I can't remember my NFA's that well, but it seems to generate some unnecessary-looking states for some expressions. Ones where ε is the only way out, like with the re a(xx) (vs. axx) Is it just me?
If you put +reverse into the regular expression box you get a "Reverse" button that generates the FA that match the reverse string, so you can double-click that to get the minimal automata
@derobert User level. As background, I should say, for those who aren't aware, that my normal reaction to having to deal with regular expressions and their pattern matching cousins is to scream and run. But in the case of Lua, which doesn't have much by way of libraries, one had to handle things with patterns that other languages would offer libraries for.
In this particular situation, I'm trying to extract the basename of a file, given its full path. Python, for example, has a simple library for such things.
But to return to my question, Lua patterns, at least, don't appear exactly deterministic.
Based on the sketchy documetation I have at any rate. For example, how are conflcting requirements resolved?
Yes, in fact "([^/]+)$" is what I have to get rid of the forward slashes. But I also wanted to get rid of everything after the final ., including the dot, assuming there is one.

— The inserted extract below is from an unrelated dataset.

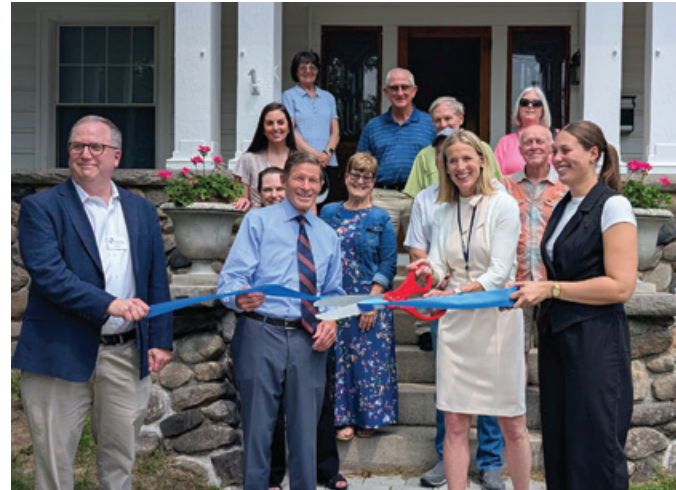
Local leaders, staff, board members and US Senator Richard Blumenthal attend the Hanson House ribbon-cutting ceremony.

Hanson House represents more than renovation—it reflects our unwavering belief that healing begins with a safe place to call home.

@sourcejedi I'm trying to be friendly to them. They want to reopen the question because they spent time on it. That is IMHO not a valid reason to reopen a dupe. Also, the text of the question is opinionated throughout ("not in a positive mood" as you say), which is another reason I'm not going to reopen it.
Lua patterns are just not-very-good regular expressions, and regular expressions are deterministic in a "does this match" sense, but they can match multiple different subsequences and the particular library might choose a different one to give you first/at all
I don't have lua in front of me now to try out ([^/]+)([.][^./]+)?$
PEG are a fundamentally different complete parsing system and it feels like overkill for this problem, but I'm not sure you can do it in one step with the regular expressions
PEGs are essentially a way of representing a whole context-free grammar (your friend Chomsky!) and then you try to apply the whole grammar against an input to get back a yes/no and a syntax tree if it worked. Internally they're very complicated but from the outside, if you're already thinking in terms of a grammar, they just work magic
They are just different
PCRE is regular expressions plus a bunch of non-regular extensions and syntactic shorthands that make them much more pleasant to write
It turns out Debian has the Lua Rex libraries. E.g. lua-rex-pcre. How out of date, I don't know. Some of its Lua libraries are years out of date. I don't know why.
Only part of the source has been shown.